The Guggenheim does a bit of a better job explaining the next major event that impacted these artists – the rapid economic development that took China from a poor country to the second largest economy in the world.  But again, the description of these events presupposes a knowledge of China.  The enormity of this transformation – in a night, entire neighborhoods were razed, with new buildings being built a week later; in the spans of 10 years, China’s urban population would grow from 26% to 50% of the total population – is not fully developed.  But that massive societal shift is never put in any type of measurable perspective which makes it difficult to truly understand what these artists were responding to.

Finally, Art & China only features avant-garde, conceptual art from 1989 through 2008.  Most of China’s famous artists from 1989 to 2008 who practiced in more staid mediums like oils or watercolors are not featured.  But many of the conceptual pieces that the Guggenheim chose to feature were some of the most important from the time period and heavily influenced not just artists in China but also abroad.

Yang Jiechang’s Lifelines I, one of the few pieces where there is a little more description about the Tiananmen massacre.

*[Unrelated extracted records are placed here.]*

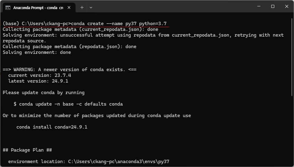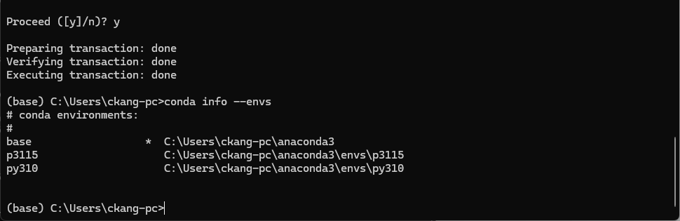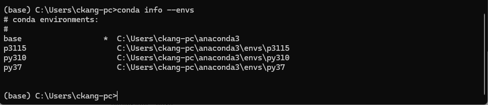 완료 후 환경 리스트 명령어로 다시 확인하면 환경(py37)이 삭제된 것을 확인할 수 있다.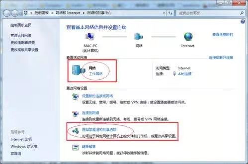 记住所处的网络类型,接着在弹出中窗口中单击【选择家庭组和共享选项】,如下图: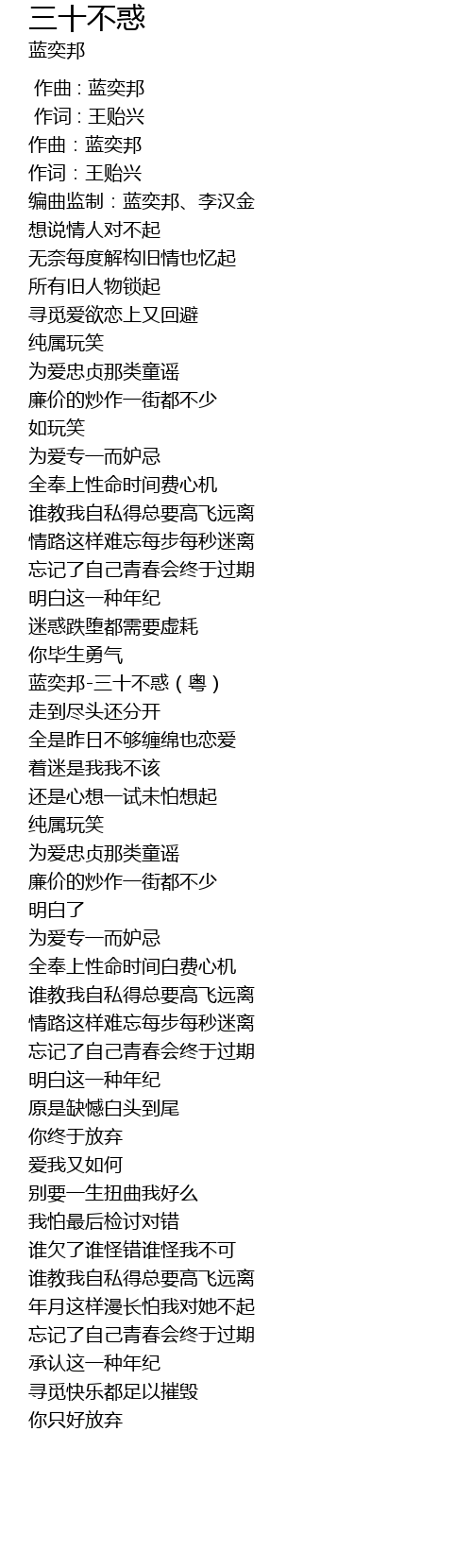 | [01:19.60] | 蓝奕邦-三十不惑(粤) |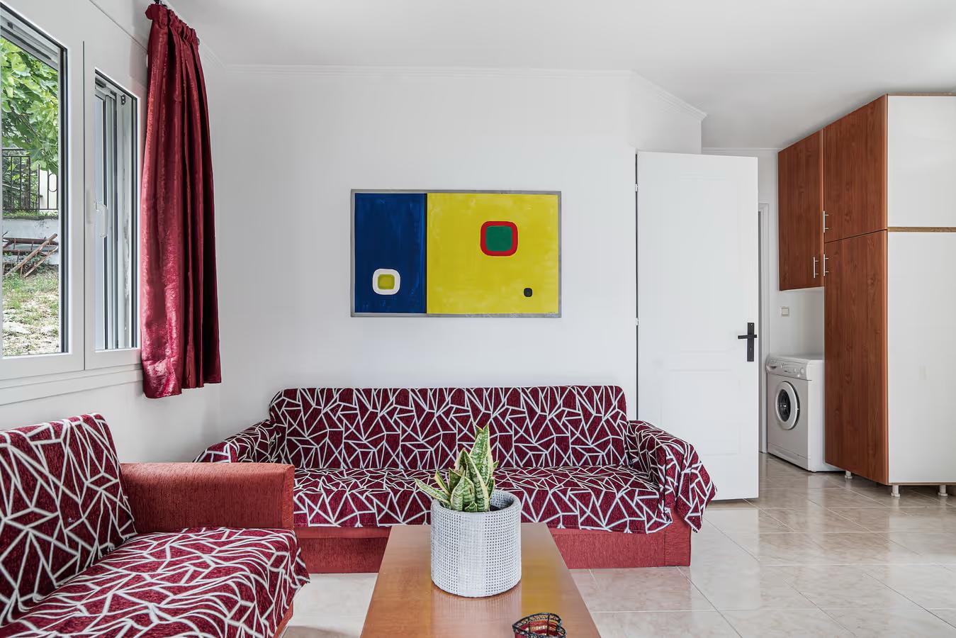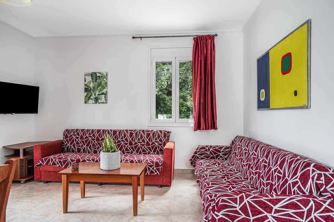 2 סוויטות משפחתיות בקומת קרקע עם חדר שינה אחד, סלון בגודל 50 מ"ר עם מרפסת הפונה למפרץ נידרי., מצויד ב: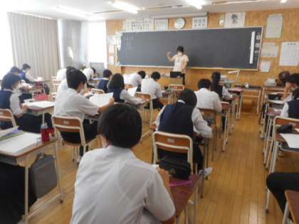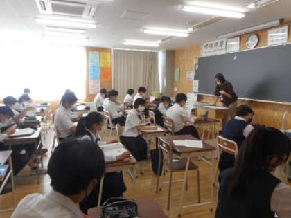 本日の授業(3年生:その1) 公開日 2021/09/21 更新日 2021/09/21 芝園の一日 9月21日(火) 3年生の授業の様子です。 数学と社会では、先日行った、校内学力調査の問題の解説を聞き、次回に向けて、注意すべき点を確認しました。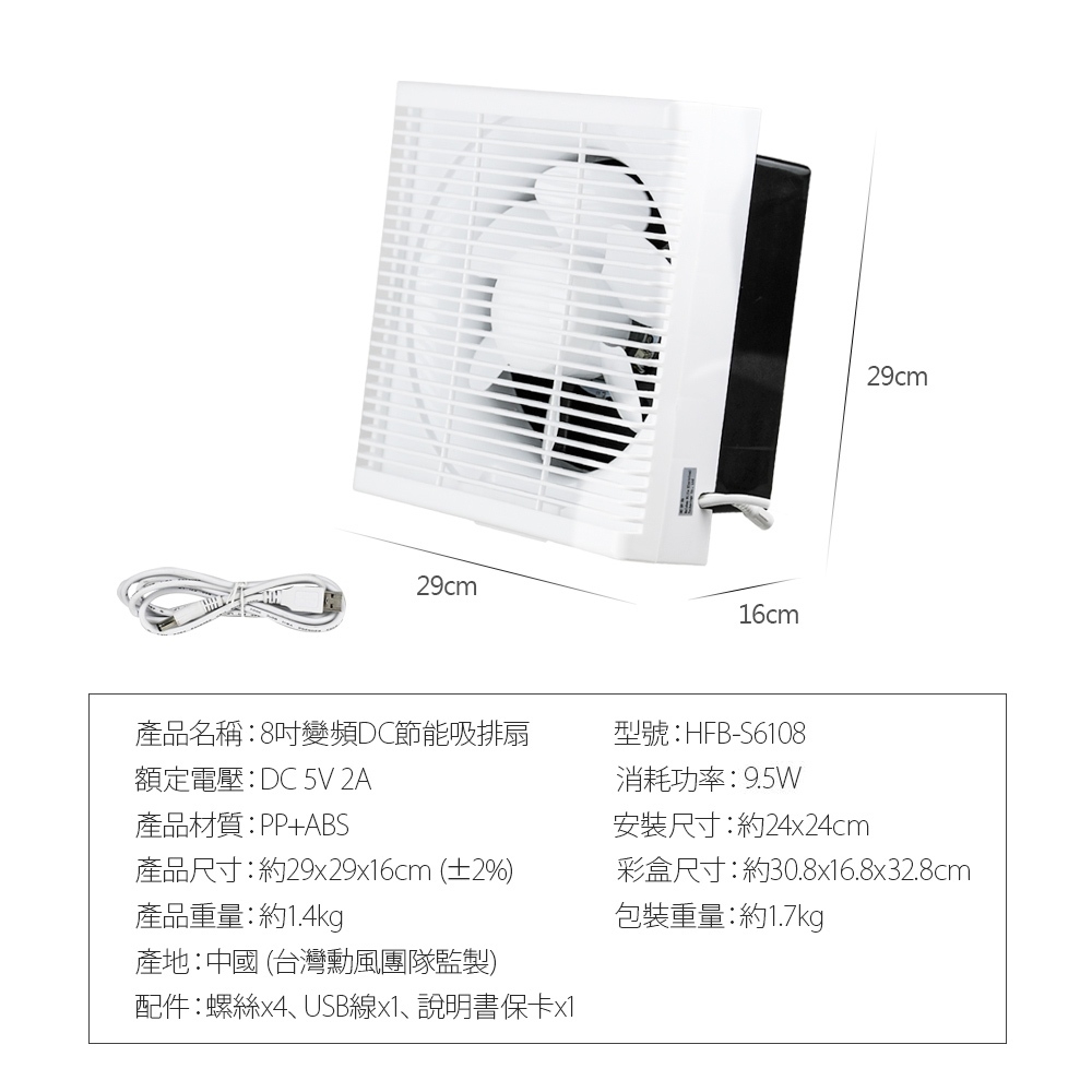 ※吸排兩用,可吸風排風/通風換氣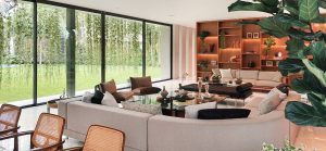 El tamaño del terreno permitió proponer volúmenes que estén despegados de los lineros para así lograr vistas con fondo de naturaleza en trescientos sesenta grados.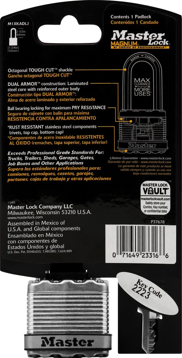 Master Lock 1-3/4in (44mm) Wide Magnum Laminated Steel Padlock with 2-1/2in (64mm) Shackle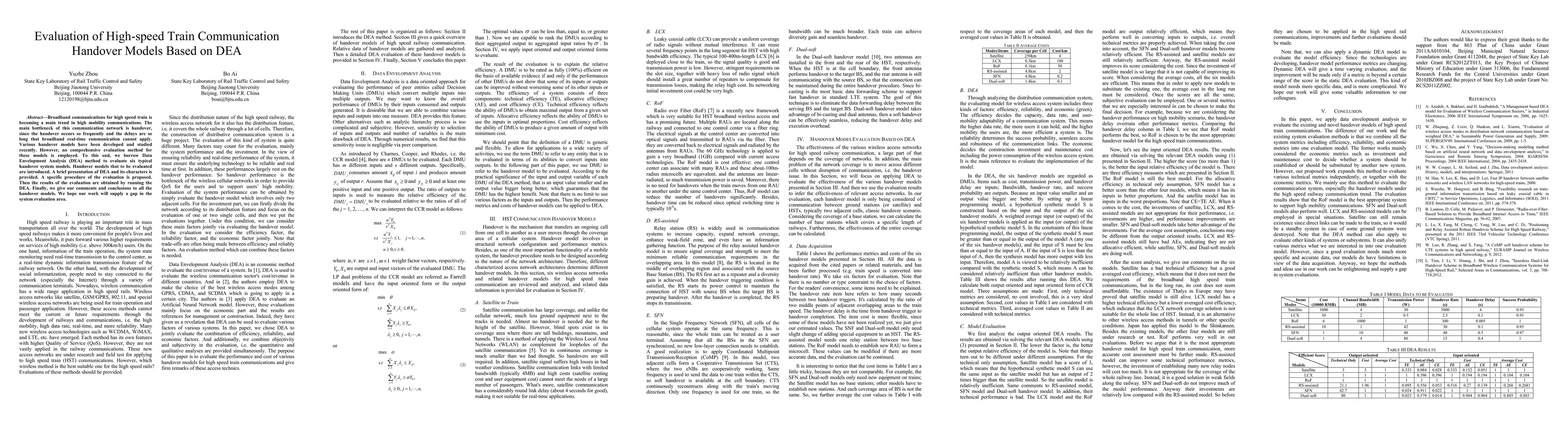 A study evaluates six high-speed train communication handover models using Data Envelopment Analysis (DEA) to assess their effectiveness, providing a comprehensive evaluation method for this field.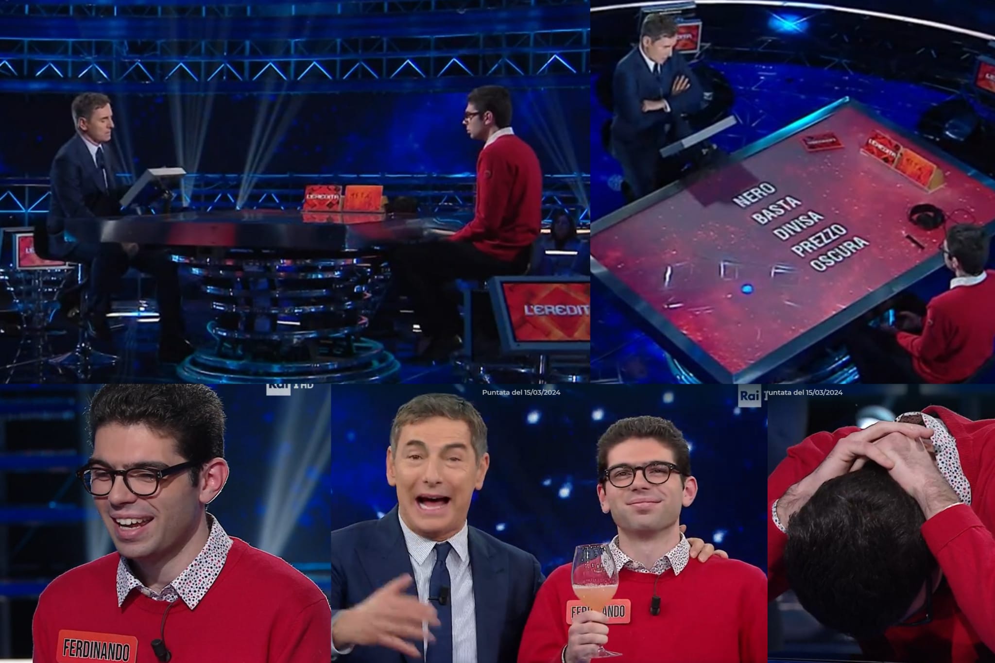 La parola ‘metà’ gli ha portato fortuna, il giovane ha anche salutato i genitori durante la fase di gioco, prima di conoscere il verdetto. Ha avuto la giusta freddezza, mostrando grande preparazione in tutti i campi.

Art & China is in its final week, closing on Sunday, January 7. But given the whitewashing of the Tiananmen Square protests and massacre, an average visitor likely will not fully comprehend the depth of what these artists were doing in the early 1990s.  It is true that many Western observers seek to view Chinese art through a political perspective and that has, rightfully so, frustrated many of China’s newest artists. But for the artists of the early 1990s, their art was a reaction to the Tiananmen massacre.  So it is essential to explain their work through that lens.  That fact that the Guggenheim chose not to raises the question as to why.  What audience were the curators seeking to serve with their show?  Certainly not the visitors, who are left with looking at political art and understanding a movement without any perspective; and certainly not the artists from the early 1990s whose work was completely altered by Tiananmen.  It is unfortunate that the Guggenheim – in a show that starts with 1989 – chose not to fully explain or address Tiananmen.  it does a disservice to the featured Chinese artists and their impressive work.

Rating: ★★½☆☆

Art & China After 1989: Theater of the World
Through January 7, 2018
Guggenheim
1071 Fifth Avenue
New York, NY 10128
Sundays through Wednesdays & Fridays: 10 AM – 5:45 PM
Closed Thursdays
Saturdays, Pay What You Want After 5:45 PM
Otherwise $25 adult; $18 students and seniors; children below 12 free
Skip the line and purchase online: https://tickets.guggenheim.org/Info.aspx?EventID=3

One Response to “Just for Fun – Art Review – The Guggenheim’s Art & China After 1989”

  1. Amala says:

    Dear Elizabeth,

    Thank you for this review. I am not surprised. The Guggenheim, like so many cultural institutions, is in the thrall of big donors. Who knows how many of these are the newly rich oligarchs of mainland China or the state itself? Follow the money.